An updated guideline on the prophylaxis and treatment of venous thromboembolism (VTE) in patients with cancer has been unveiled by the American Society of Clinical Oncology (ASCO) in its Journal of Clinical Oncology. An expert panel convened by ASCO reviewed evidence—including randomised controlled trials (RCTs) and meta-analyses of RCTs—from the period between 1 August 2014 and 4 December 2018, before providing a list of findings and recommendations.

Patients with cancer are at a higher risk of developing VTE, including deep vein thrombosis (DVT) and pulmonary embolism (PE), than those without cancer, and have higher rates of VTE recurrence and bleeding during VTE treatment. Consequently, VTE is an “important cause of morbidity and mortality” among cancer patients.

According to the review, two RCTs of direct oral anticoagulants (DOACs) for the treatment of VTE in cancer patients confirmed the efficacy of edoxaban and rivaroxaban, but found that they could be associated with an increased risk of bleeding compared to low-molecular-weight heparin (LMWH). Furthermore, two additional RCTs underlined the potential benefits and side-effects of DOACs for thromboprophylaxis in ambulatory cancer patients at a higher risk of VTE.

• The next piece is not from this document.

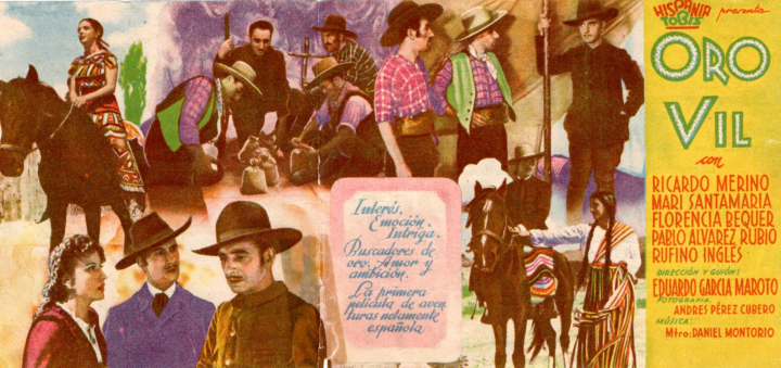 En estos días de confinamiento por la pandemia del Covid, se está viendo más cine que nunca, de cualquier tipo y género. El western, por ejemplo, tiene una importante presencia en programaciones o plataformas. También el cine del oeste rodado en España, estos días reivindicado en las diferentes redes sociales, en artículos y en documentales. Unos rodajes que se remontan a tiempos anteriores a la eclosión del género en los años sesenta, con el rodaje de la película de Maroto. Si bien había habido coqueteos con las ambientaciones del lejano oeste en el cine mudo español, en Lilian y en 48 pesetas de taxi, se puede considerar Oro vil como el primer western español como tal, con sus tramas clásicas, sus pistolas, sus duelos y sus caballos.

Co-chaired by Nigel S Key (Chapel Hill, North Carolina, USA) and Anna Falanga (Bergamo, Italy), the panel’s systematic review included a total of 35 publications (26 meta-analyses and nine RCTs) on VTE prophylaxis and treatment, and 18 publications on VTE risk assessment (six included multiple types of cancer, while 12 focused on individual cancer types). In addition to Key and Falanga, 15 additional authors worked on the project.

Speaking to Interventional News about the importance of these guidelines, Key comments, “This iteration of the ASCO guidelines on VTE prevention and treatment reflects an evolving evidence-based set of recommendations on a common problem in a challenging patient population. Perhaps the greatest advances are the recommendations to consider certain oral direct factor Xa inhibitors for the treatment of VTE and for VTE prevention in higher risk cancer patients.”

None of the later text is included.